(EXERCISE DATA Opens)

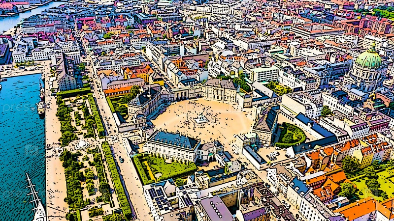 Копенгаген, Дания. Амалиенборг. Дворцовый комплекс XVIII века в стиле рококо. Яркая иллюстрация в мультфильмовом стиле. С высоты птичьего полета
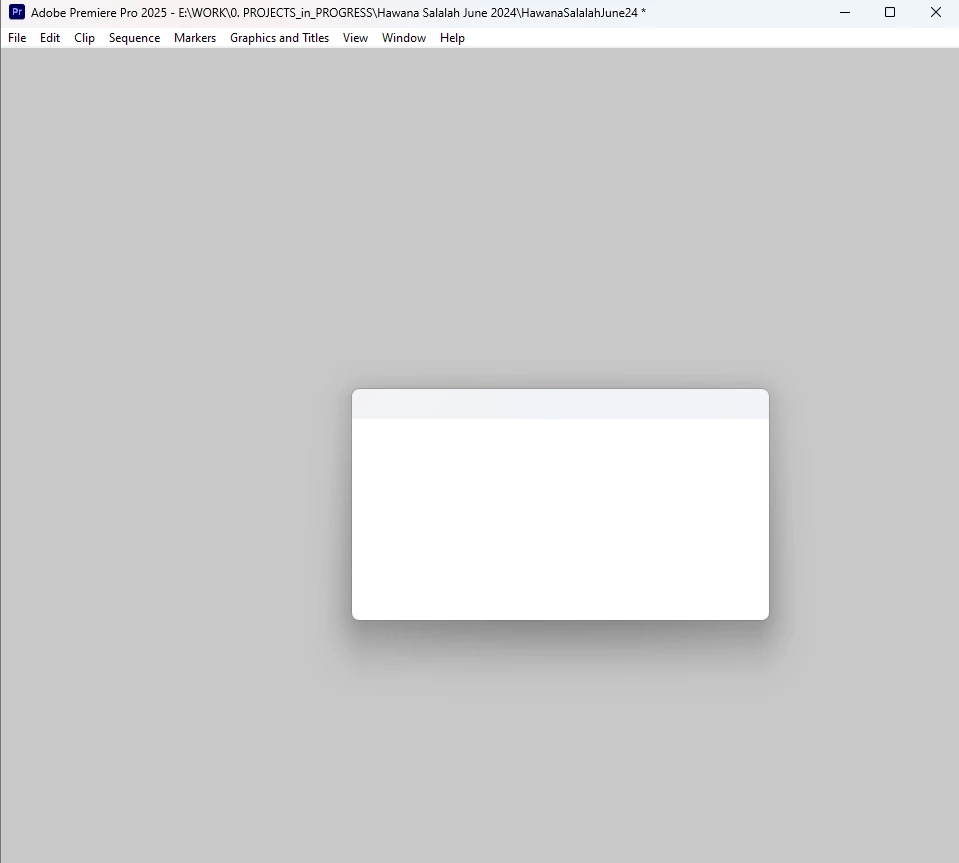 The process of transcribation goes on gradually but I cannot see the progress because Premiere Pro hangs though some its tabs continue to respond. After the transcribation is over, Premiere Pro stays unresponsive, so if you minimize it and maximize again you see this white window:
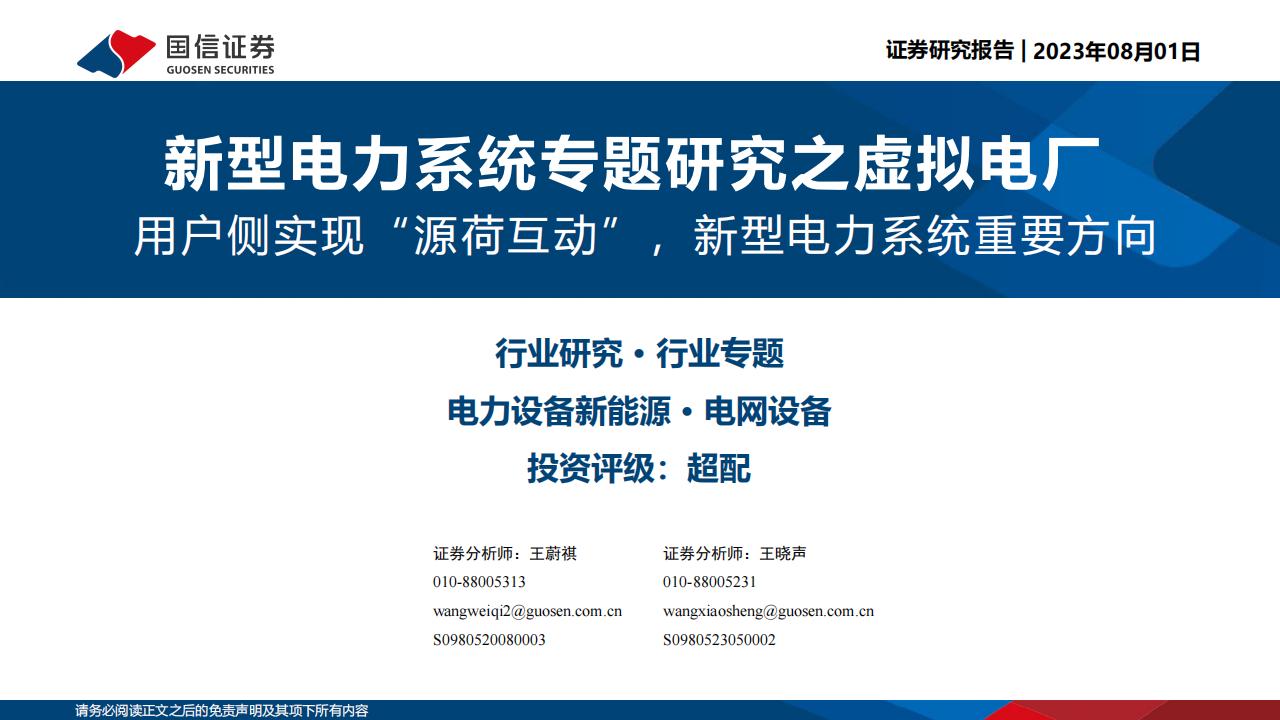国信证券:新型电力系统专题研究之虚拟电厂:用户侧实现“源荷互动”,新型电力系统重要方向.pdf

(EXERCISE DATA Closes)

TASK OBJECTIVE: Please transcribe each line above exactly, but leave the images out.

TASK ANSWER:
 Копенгаген, Дания. Амалиенборг. Дворцовый комплекс XVIII века в стиле рококо. Яркая иллюстрация в мультфильмовом стиле. С высоты птичьего полета
 The process of transcribation goes on gradually but I cannot see the progress because Premiere Pro hangs though some its tabs continue to respond. After the transcribation is over, Premiere Pro stays unresponsive, so if you minimize it and maximize again you see this white window:
国信证券:新型电力系统专题研究之虚拟电厂:用户侧实现“源荷互动”,新型电力系统重要方向.pdf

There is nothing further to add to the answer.